Climate-heating gases have reached record levels in the atmosphere despite the global lockdowns caused by the coronavirus pandemic, the UN’s World Meteorological Organization has said.
There is estimated to have been a cut in emissions of between 4.2% and 7.5% in 2020 due to the shutdown of travel and other activities. But the WMO said this was a “tiny blip” in the continuous buildup of greenhouse gases in the air caused by human activities, and less than the natural variation seen year to year.
The WMO report said the monthly average CO2 for September at the benchmark station of Mauna Loa in Hawaii was 411.3ppm, up from 408.5ppm in September 2019. The same was seen at Cape Grim in Tasmania, Australia, with a rise to 410.8ppm from 408.6ppm in 2019.
It said there had been a “growth spurt” in the average CO2 level for the whole of 2019, rising by more than the average rate over the last decade. The data shows action to cut emissions is currently far from what is needed to avoid the worst impacts of the climate emergency.
Scientists calculate that emissions must fall by half by 2030 to give a good chance of limiting global heating to 1.5C, beyond which hundreds of millions of people will face more heatwaves, droughts, floods and poverty. Nations had pledged to ramp up their emissions cuts at a UN summit in Glasgow this month but the meeting has been postponed by a year due to Covid-19.
“The lockdown-related fall in emissions is just a tiny blip on the long-term graph. We need a sustained flattening of the curve,” said Petteri Taalas, the WMO secretary-general. “We breached the global [annual] threshold of 400ppm in 2015 and, just four years later, we have crossed 410ppm. Such a rate of increase has never been seen in the history of our records.

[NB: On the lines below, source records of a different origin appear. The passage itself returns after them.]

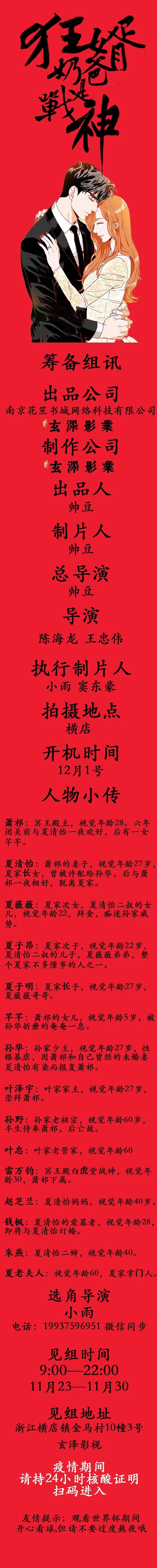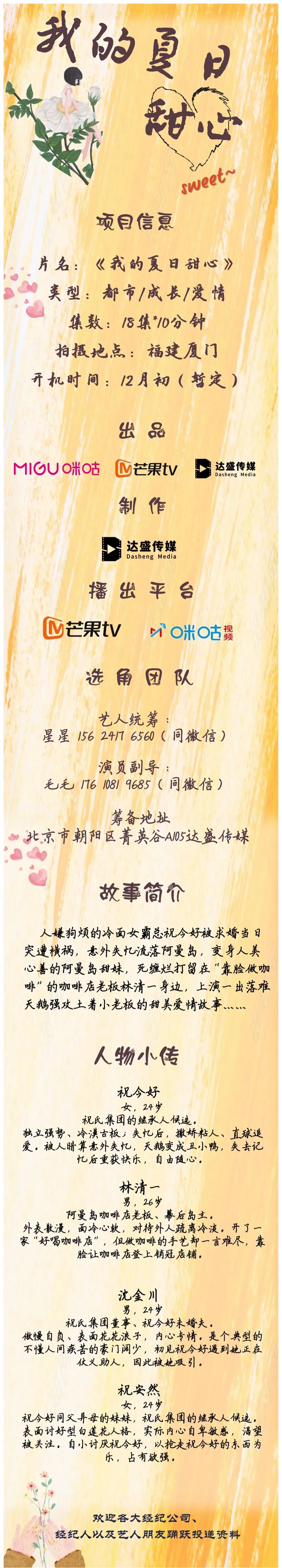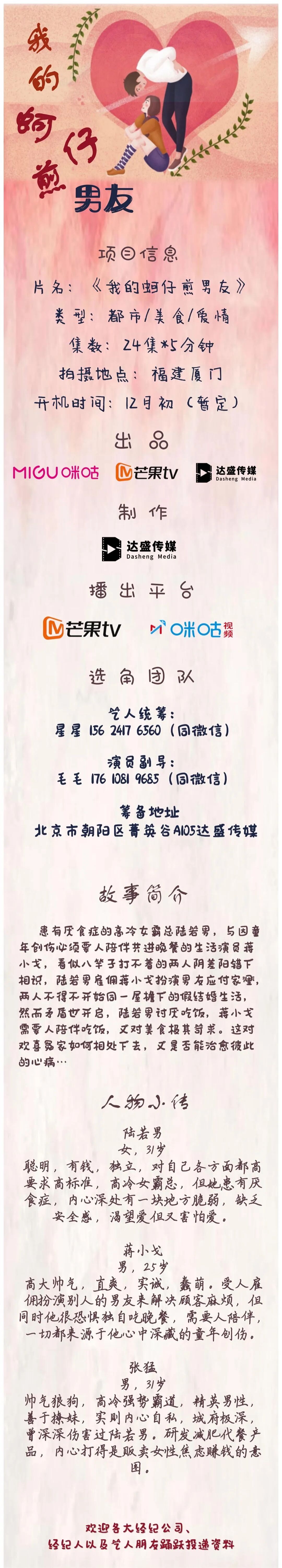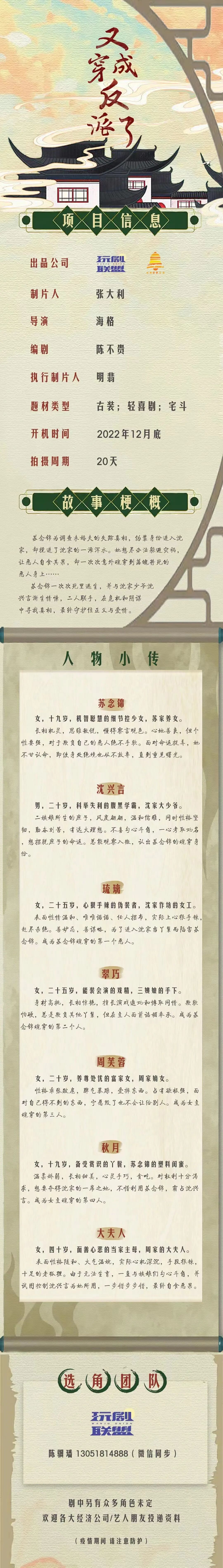 剧中另有众多角色未定,欢迎各大经纪公司、艺人朋友投递资料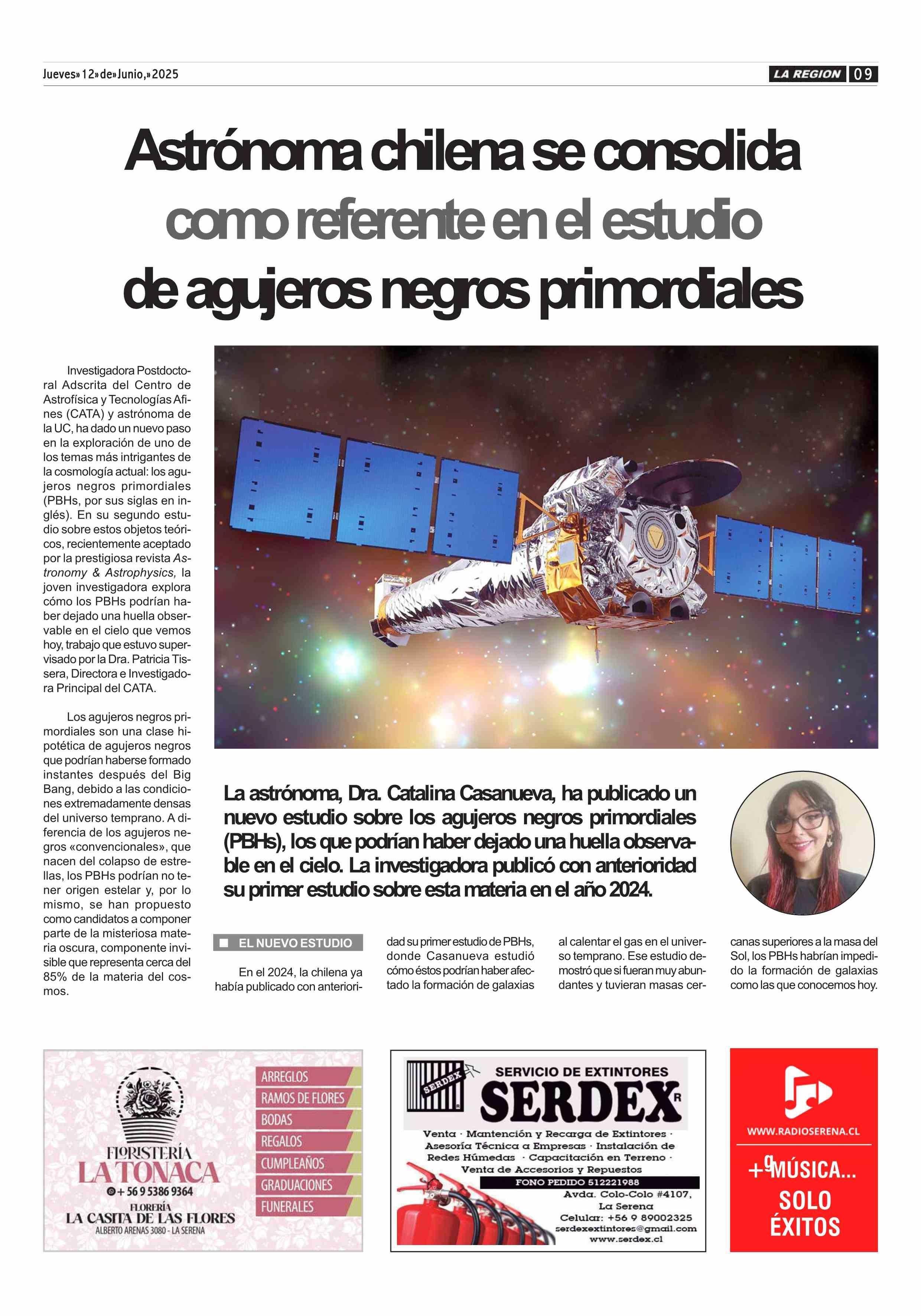 Astrónoma chilena se consolida como referente en el estudio de agujeros negros primordiales 12-06-2025 Diario la Región |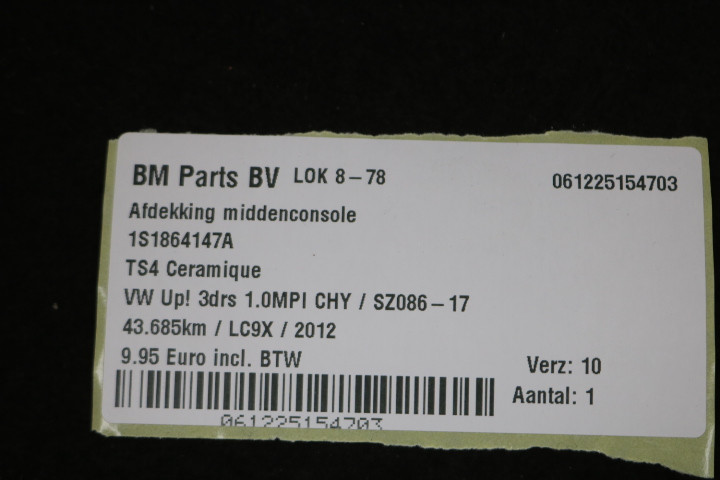 Terug / interieur / Middenconsole / Bekleding / Afdekking middenconsole VW Up!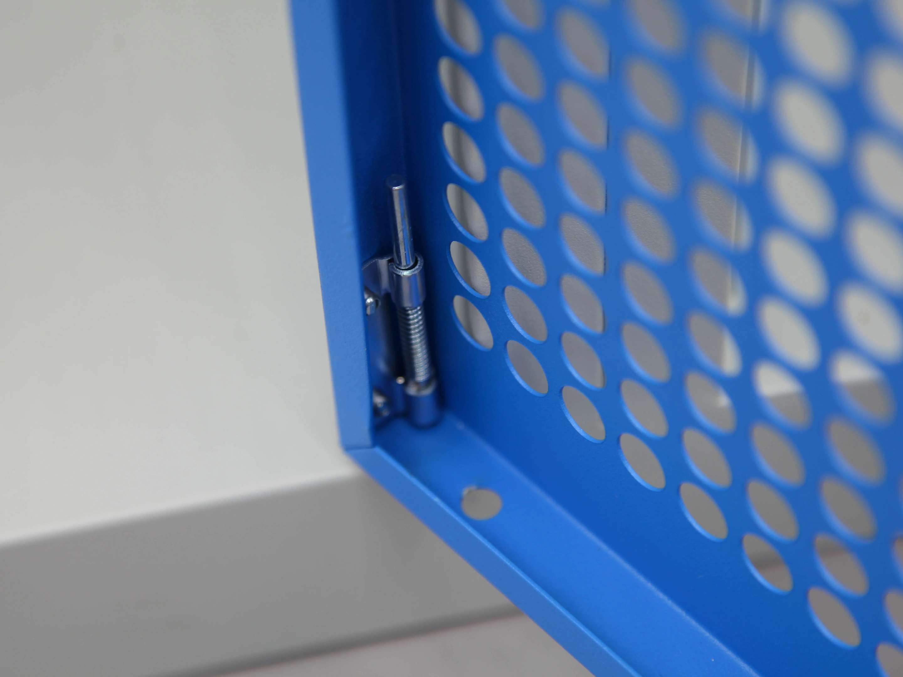 Type deuren: draaideur (gaas), type slot: valgrendelslot. Kleur romp: grijs (RAL7035), kleur deuren: blauw (RAL5010). Afmeting: 180x60x50 cm (HxBxD). Indeling: Legbord en kledingroede Aantal deuren: 2, aantal sleutels: geen.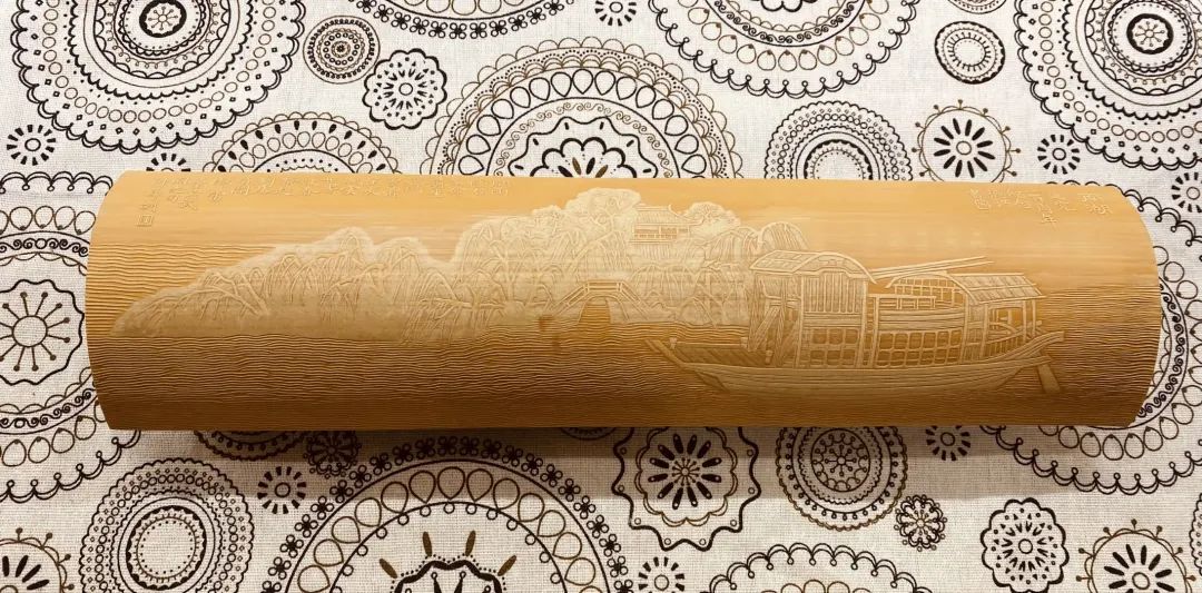 建党百年之际,一段段值得纪念的红色记忆也被作者刻画在竹子上。“烟雨楼台革命萌生此间曾著星星火,风云世界逢春誓起到处皆闻殷殷雷。”居民张阿姨轻轻念出竹板左上角刻着字,“这是董必武题嘉兴南湖烟雨楼的诗句。”“右边也有,右上角刻着‘南湖,建党一百周年纪念’。”居民吕阿姨指着作品说,“红船,这个船是象征革命起航的南湖红船,刻画得真好,窗户围栏和船桨都栩栩如生。”居民们驻足围观,细细讨论着。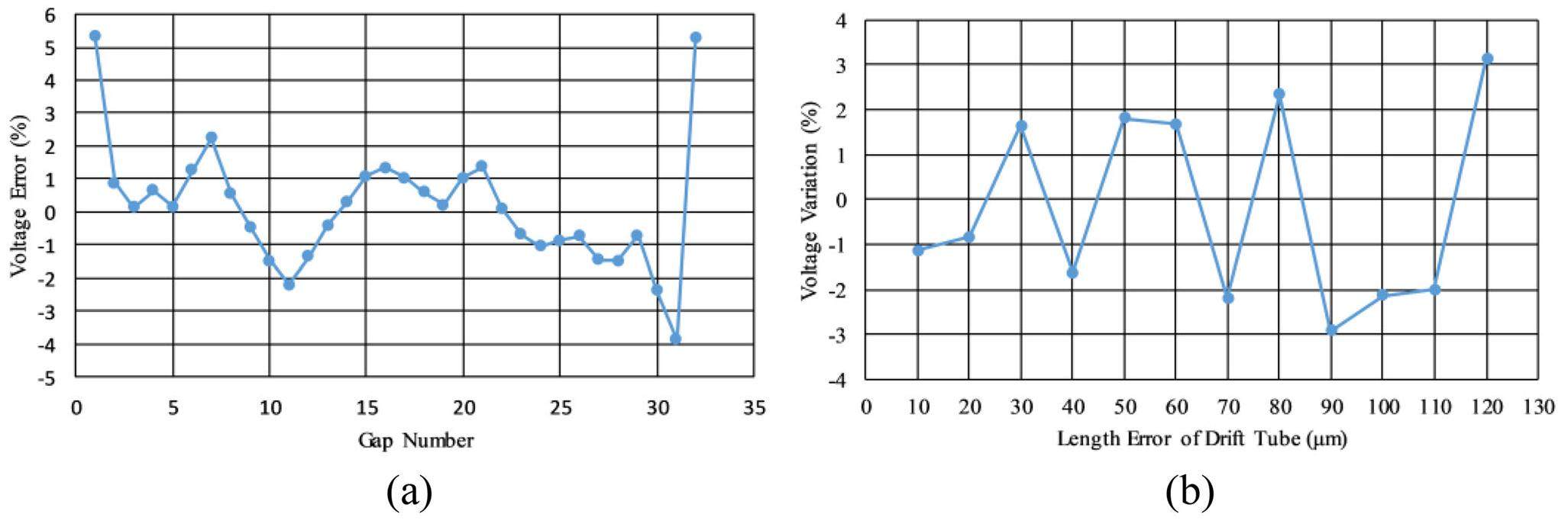 The lengths of the DTs along the beam axis are also critical to the cavity design, and are dependent on the precision of the computer numerical control (CNC) lathe and the machining process used for manufacturing the DTs. The precision of the start and end point positions of each DT during the machining determines the length of the DT. The errors in the lengths of the DTs result in a voltage variation. To meet the gap voltage errors requirement of ±2% from the beam dynamics, we analyzed the voltage variation on several error ranges of drift tube-lengths from 10 μm to 120 μm with an interval of 10um. In each case, the DTs with random errors were generated and evaluated. The results are shown in Fig. 13b. Allowing for a safe margin and the precision which the machining process could handle, the tolerance of the DTs was determined to be within ±50 μm, and this meets the gap voltage error of ±2 % from the beam dynamics [2].
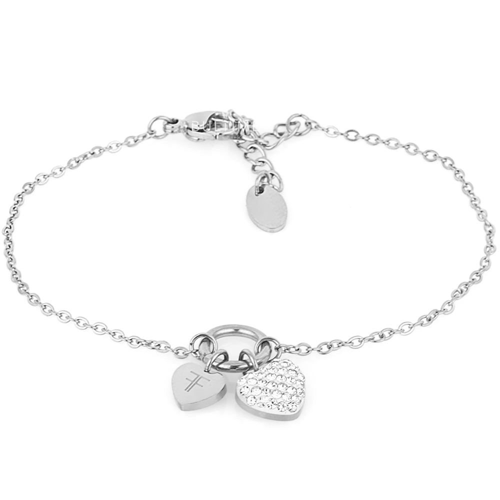 Ženska narukvica Freelook u srebrnoj boji, modernog i elegantnog dizajna sa priveskom u obliku srca ispunjen cirkonima. Izrađena od hiruškog čelika.
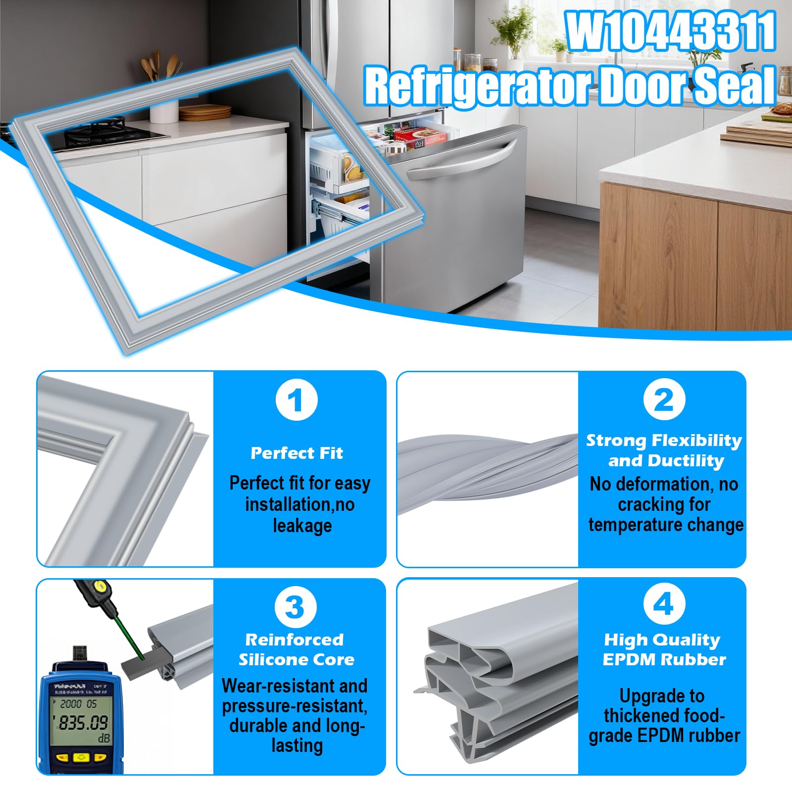 - ăUpgraded WPW10443311 Freezer Door GasketăWPW10443311 W10443311 refrigerator door seal is crafted with flexible PVC outer layer and embedded magnetic strip, this WPW10443311 Whirlpool refrigerator door gasket is built to an optimal insulation by creating a tight seal around the door, preventing 98% cold air leakage. Featuring Cold resistence, high elasticity and flexibility, this WPW10443311 refrigerator door gasket seal for Whirlpool refrigerator door seal replacement can quickly return to its original state after deformation.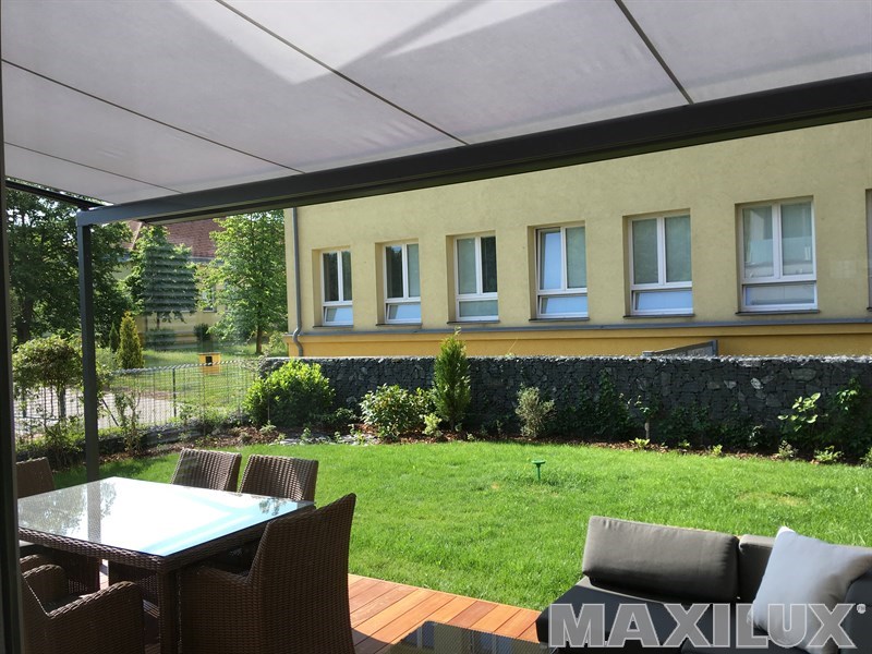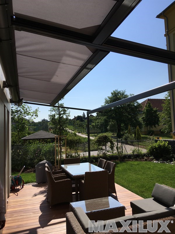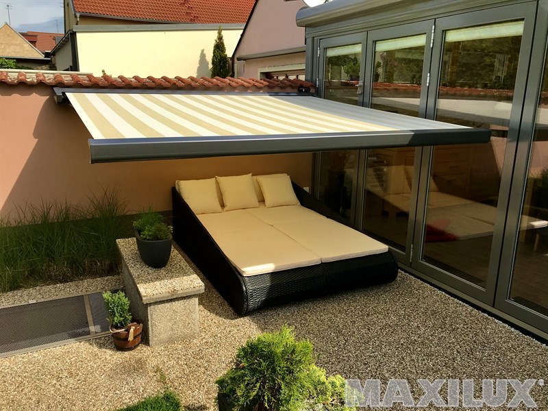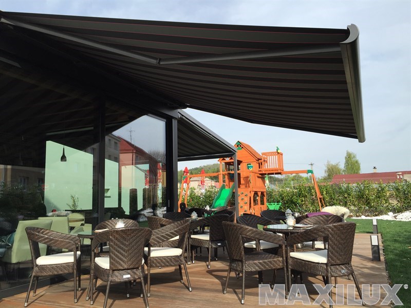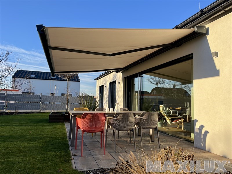 Kazetová velkoprostorová markýza pro velké terasy na dálkové ovládání

“CO2 remains in the atmosphere for centuries. The last time the Earth experienced a comparable concentration was 3m-5m years ago, when the temperature was 2-3C warmer and sea level was 10-20 metres higher than now. But there weren’t 7.7 billion [human] inhabitants.”
The WMO Greenhouse Gas Bulletin, published on Monday, shows CO2 in the atmosphere is now 50% higher than in 1750, before the Industrial Revolution. CO2 traps two-thirds of the heat retained on the Earth’s surface by greenhouse gases, and this warming effect has increased by 45% since 1990.
Methane, which is produced by cattle, rice paddies and fossil fuel exploitation, is responsible for 17% of the heating effect. Its concentration is now two-and-a-half times pre-industrial levels. Another important greenhouse gas is nitrous oxide, which comes from overuse of farm fertiliser and forest burning. It is now 23% higher than in 1750.
The greenhouse gas data is collected by the Global Atmosphere Watch network, which includes stations in the Arctic, high mountains and tropical islands. These have continued to operate despite Covid-19 restrictions hampering resupplies and rotation of staff in often harsh and isolated locations.
Talaas said a “complete transformation of our industrial, energy and transport systems” was needed. “The changes are economically affordable and technically possible and would affect our everyday life only marginally,” he said. “It is welcome that a growing number of countries and companies have committed themselves to carbon neutrality. There is no time to lose.”